Yeah, so Krish, I think clearly, capital allocation is a topic that we discuss at every board meeting. Geoff and I, along with John, review it quarterly. In terms of buybacks, dividends, it's all part of our discussions with the board. So far, the board has authorized a $525 million buyback, and we will review that to provide the flexibility we require.
Got it. And then on your hardware business, can you roughly say the split between emulation and FPGA prototyping; is it like an 80-20 split or am I in the ballpark?
Yeah, we don't provide the breakdown. As you can expect, we don't want to give that information to our competitors. But clearly, hardware emulation remains our current volume production. The S1 FPGA was just announced recently, and we are excited about the early reception from our customers with repeat orders and five new logos, including one very strong competitive win. That endorsement will carry our momentum going forward.
And Krish, this is John here. I want to just add that we have great products in the hardware space. Note that we delivered excellent financial results for Q2, both in software and IP being strong, and we increased our outlook for the year. So the first half is only part of a really good story.
Got it. And then a final question for Lip-Bu; looking at the market, you have all these exciting technologies like AI and deep learning, autonomous driving. Can you quantify the opportunity for EDA or Cadence? Either as a percentage of the market size for AI or as a dollar value corresponding to what the chip market could be for those? Can you help us quantify the EDA opportunity in this trend?
Yeah. It's a good question. But it will be difficult for us to quantify it at this moment. What I can share is my excitement. Machine learning, deep learning, and AI could transform our semiconductor industry with a broad application area. For instance, autonomous driving is just one application. Machine learning could have a substantial effect on datacenters and cloud infrastructures and will require a lot of compute resources to analyze that data effectively. There is significant potential for our EDA solutions to provide that support. We are very excited about the future, but quantifying that potential specifically is challenging as of now. Stay tuned as we gain more insights.
Operator
Your next question comes from Tom Diffely with D.A. Davidson. Please go ahead. Your line is open.

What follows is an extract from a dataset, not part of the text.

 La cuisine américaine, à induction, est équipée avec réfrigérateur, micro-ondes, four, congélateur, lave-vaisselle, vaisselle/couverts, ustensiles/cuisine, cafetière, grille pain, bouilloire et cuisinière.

Yeah, good afternoon. Just following up on that last question, when we get into an environment, and guys like NVIDIA are building these huge chips, is the bigger opportunity for you on the hardware side, or do you think the EDA software side is a bigger opportunity on an incremental basis?
Very good question, and clearly, we have a lot of respect for NVIDIA, and what they have done is fabulous for the industry as they continue that innovation engine. In general, the machine learning and deep learning have tremendous impacts on the semiconductor sector. Besides memory operations, we see significant implications with cloud infrastructure too. The overall growth opportunities presented in that market are compelling, but it's hard to specify which side provides greater incremental value as they are closely interlinked in increasingly complex solutions. So I think it's both sides presenting big potential and we need to remain agile.

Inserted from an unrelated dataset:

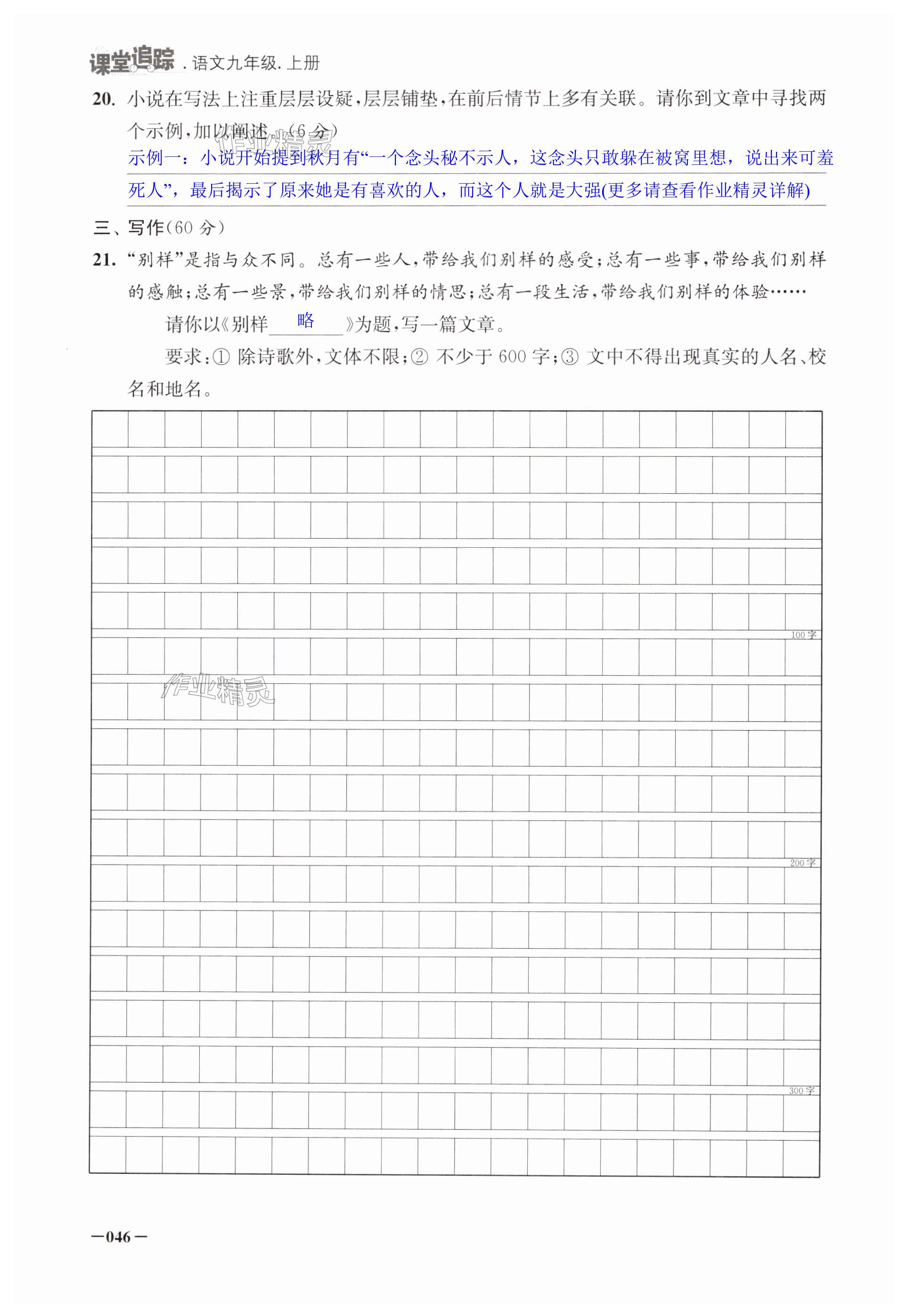 注:目前有些书本章节名称可能整理的还不是很完善,但都是按照顺序排列的,请同学们按照顺序仔细查找。练习册 2024年课堂追踪九年级语文上册人教版 答案主要是用来给同学们做完题方便对答案用的,请勿直接抄袭。

Okay. And I know we have spent a lot of time talking about the leading edge, but as we look into things like IoT and the pervasiveness of sensors and the like on the low end, how are you positioned to benefit from that versus the unit growth and design growth at the low end?
Yeah, very good question. In the IoT and lower-end devices that collect data, we have a unique offering because Tensilica processors are low-power and programmable. Additionally, our expertise in low power within processes is a strong asset. As you noted, low power is critical for IoT solutions where long-lasting battery life is a necessity, and we have solid techniques in addressing those challenges effectively.
Okay. So when you put this all together, is your expectation that as these opportunities develop over the next few years, the growth in your served market will actually accelerate from where it is today?
Yeah, I think we are hopeful for that. One thing I want to highlight is our strength in analog mixed-signal domains, which is critical for data collection in many IoT products. We are successfully building a strong pipeline for customer throughput in these areas, which gives us confidence in our offerings.
Okay. And just finally, going forward, do you think the FPGA prototyping product will be sold or packaged with emulation or are those separate sales?
Yeah. It depends on customer requirements. Hardware emulation has the scale and high capacity of 9.2 billion gigahertz, which attracts leading large companies. Emulation offers the most accurate results for designs. Meanwhile, FPGA prototyping is an efficient way for customers; and we offer both services using the same compiler. This flexibility meets a variety of customer applications, so we are prepared to deliver excellence.
Operator
Our final question comes from Monika Garg with KeyBank Pacific Crest. Please go ahead. Your line is open.
Hi. Thanks for taking my question. The first is on R&D; if I look at R&D as a percentage of revenue. The first half of this year is somewhere around 37.3%, which is higher than previous year. So is this a normalized R&D level to think about going forward, or how should we think about what is the R&D level?
Yeah, I think let me start and then John can chip in. First off, there is not much out there to buy for EDA tools. A lot of customers are shifting towards us, with expectations that we will significantly increase our R&D investments to support their needs. Thus, we have maintained funding, particularly in R&D, given our focus on leading-edge technologies. We decided that we need to continue investing in innovation as we tackle challenges of the most complex chip designs. We remain focused on driving returns from our investments and ensuring that our R&D commitments yield positive impacts for our clients.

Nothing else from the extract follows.